Your family showed you zero respect and appreciation. Does your husband have a job now? If so, divorce his sorry ass and kick that kid out of the house. If not, have him get one - any kind of job and then divorce him. 

How does your husband account for his total lack of contribution to the house and family?


----------



## Mr. Nail (Apr 26, 2011)

Lakesparrow said:


> Two years ago my h lost his job. I worked at a juvenile detention ctr. They had incentives and I immediately began working at least 80 hrs a week. Sometimes more. I tried to keep either 1 weekend day off or to only work 8 he shifts on wknds to have time for chores. I ate 3 meals a day at work. But came home to all the dishes from h and adult child. On my day off they would head out for fun and I would clean and do laundry. This went on for a year. during which I threw my shoulder out and had some injuries at work. Which I hid because I couldn't afford to not work. Finally I decided to finish my degree and take a better paying job. And now I work 40 hrs awk. and drive uber. I don't think the house will wmevent fully recover from my vacation from housework. He literally bought new socks instead of washing his.
> 
> As for *****ing to coworkers of course we do. they're our only friends beside the washing machine. I don't have time for friends and a life. I'm at work or at the damned oven or doing the lawn work or taking his mom to dinner.
> 
> ...


I've got a Kayak if you don't have a Kindle.


----------



## Ragnar Ragnasson (Mar 4, 2018)

Double post


----------



## Ragnar Ragnasson (Mar 4, 2018)

Originally Posted by Ragnar Ragnasson:

In many situations it just won't work. 

Barring the problem is a layabout H that doesn't work or pay the Bill's. If he's a layabout that's a more severe problem and domestic strike isn't enough. 

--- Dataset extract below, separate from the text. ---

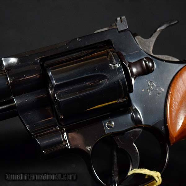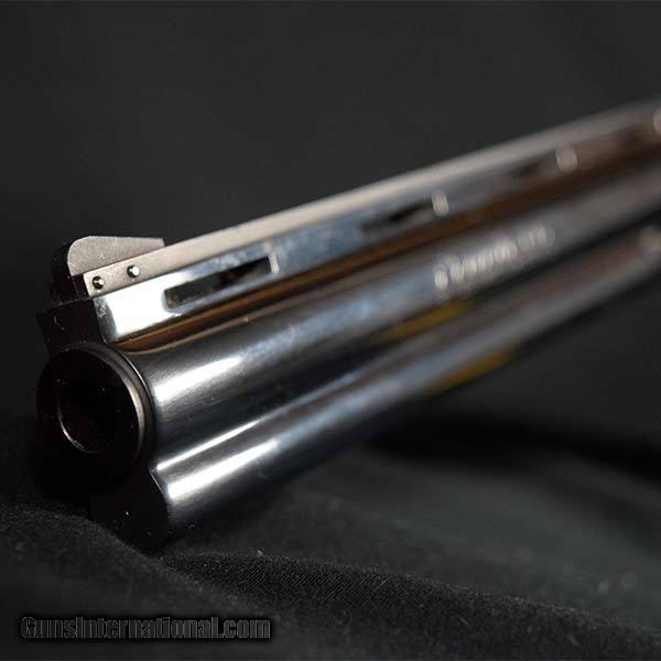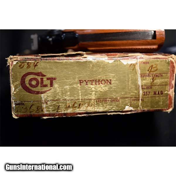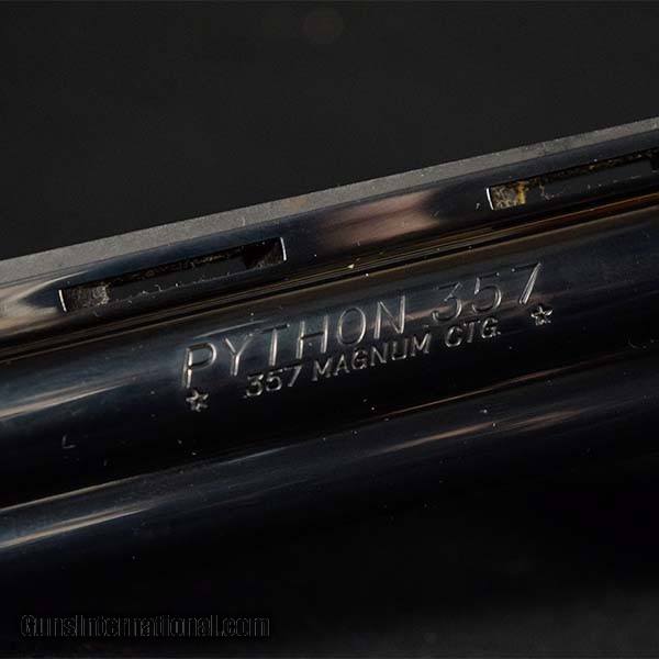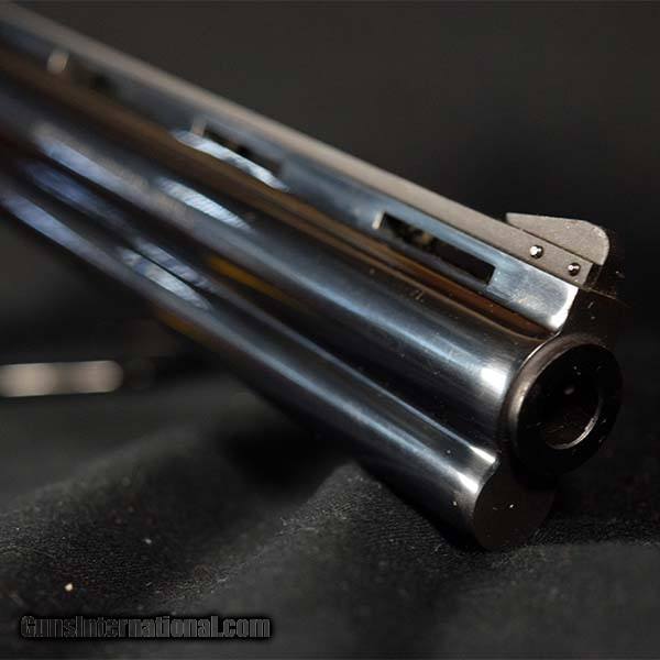 Description: This 1980's Colt Python comes with its original box! It comes equipped with a 8" barrel, blued finish, checkered walnut grips and adjustable rear/ramp front sights. Overall the condition is excellent with little to no wear from use present on the item. Pre-Owned - Colt Python 1980 Double Action 357 Magnum 8'' Revolver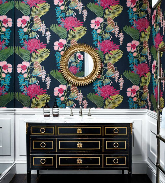 Salon Wallpaper - Ebony/Azalea/Fern - HSAW112153 - Harlequin

If H is a solid responsible person, good job, takes care of bills, but:

Just misses the hamper time to time, W may point out trash has to go out although he'll likely get to it but she likes to remind him; W just wants him to feel like he never does enough....well that's a different story.

Even DW reminds be trash has to go to the curb on x day, even though she knows I'll do it on the way out or earlier in the morning. I just say yep, I'll get it, or have done already.

I've never let that be a trouble spot. She likes to say it. I don't really care that she does. 

Other things she may ask me to do I'll flat say no. Others I'll say not now. But we have minimal things like this. Sometimes I say absolutely. But we've found our groove.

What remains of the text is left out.